Introduction

A knowledge-based question-answering system (KB-QA) is one that answers natural language questions with information stored in a large-scale knowledge base (KB). Existing KB-QA systems are either powered by curated KBs in which factual knowledge is encoded in entities and relations with well-structured schemas, or by open KBs, which contain assertions represented in the form of triples (e.g., <subject; relation phrase; arguments>). We show that both approaches fall short in answering questions with complex prepositional or adverbial constraints. We propose using n-tuple assertions, which are assertions with an arbitrary number of arguments, and n-tuple open KB (nOKB), which is an open knowledge base of n-tuple assertions. We present TAQA (n-Tuple Assertion-based Question Answering), a novel KBQA system that is based on an nOKB and illustrate via experiments how TAQA can effectively answer complex questions with rich semantic constraints. Our work also results in a new open KB containing 120M n-tuple assertions and a collection of 300 labeled complex questions, which is made publicly available for further research.

[Paper] | [Slides]

Open Knowledge Base

Our n-tuple open knowledge base (nOKB) contains natural language assertions in n-tuple form. Each assertion has one subject (sub), one relation phrase (rel), and multiple arguments (arg), with the form < sbj; rel; arg_1, ..., arg_k >. An example assertion is:

<Barack Obama; graduated; from Harvard Law School, in 1991>

The n-tuple open KB used in our experiments contains 120 million assertions. This whole KB is split into 10 tsv files (5.4GB compressed, 20GB decompressed), and can be downloaded [here]. Each line contains 10 columns separated by tabs. The format of each line is as follows:

assertion-id, sbj, rel, args (separated by semi-colons), sbj (normalized), rel (normalized), arg (normalized), extraction confidence, extraction frequency, namespace (openie) 

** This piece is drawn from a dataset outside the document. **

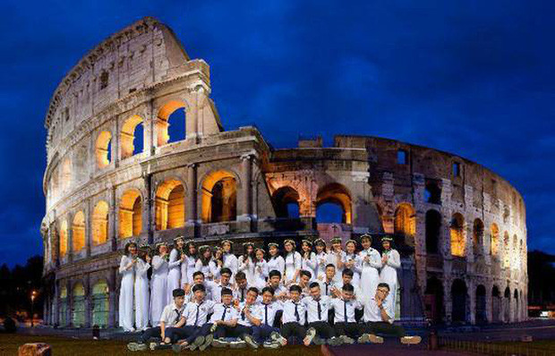 Dạo một vòng quanh mạng xã hội, mới thấy chụp ảnh kỷ yếu theo phong cách "vòng quanh thế giới" này đang được rất nhiều lớp ưa chuộng sử dụng.

Additional triplet assertions used to build nOKB+ in the experiments can is available from the OQA project homepage of University of Washington.

ComplexQuestions Dataset

The ComplexQuestions dataset contains 300 open domain complex questions with prepositional/adverbial constraints. 80 of the 300 questions come from WebQuestions dataset released by Berant et al. We manually labeled each question with at least one gold-standard answer found in our open KB.

download

Reference

  • Pengcheng Yin, Nan Duan, Ben Kao, Junwei Bao, and Ming Zhou. 2015. Answering Questions with Complex Semantic Constraints on Open Knowledge Bases. In Proceedings of the 24th ACM International on Conference on Information and Knowledge Management (CIKM '15). ACM, New York, NY, USA, 1301-1310.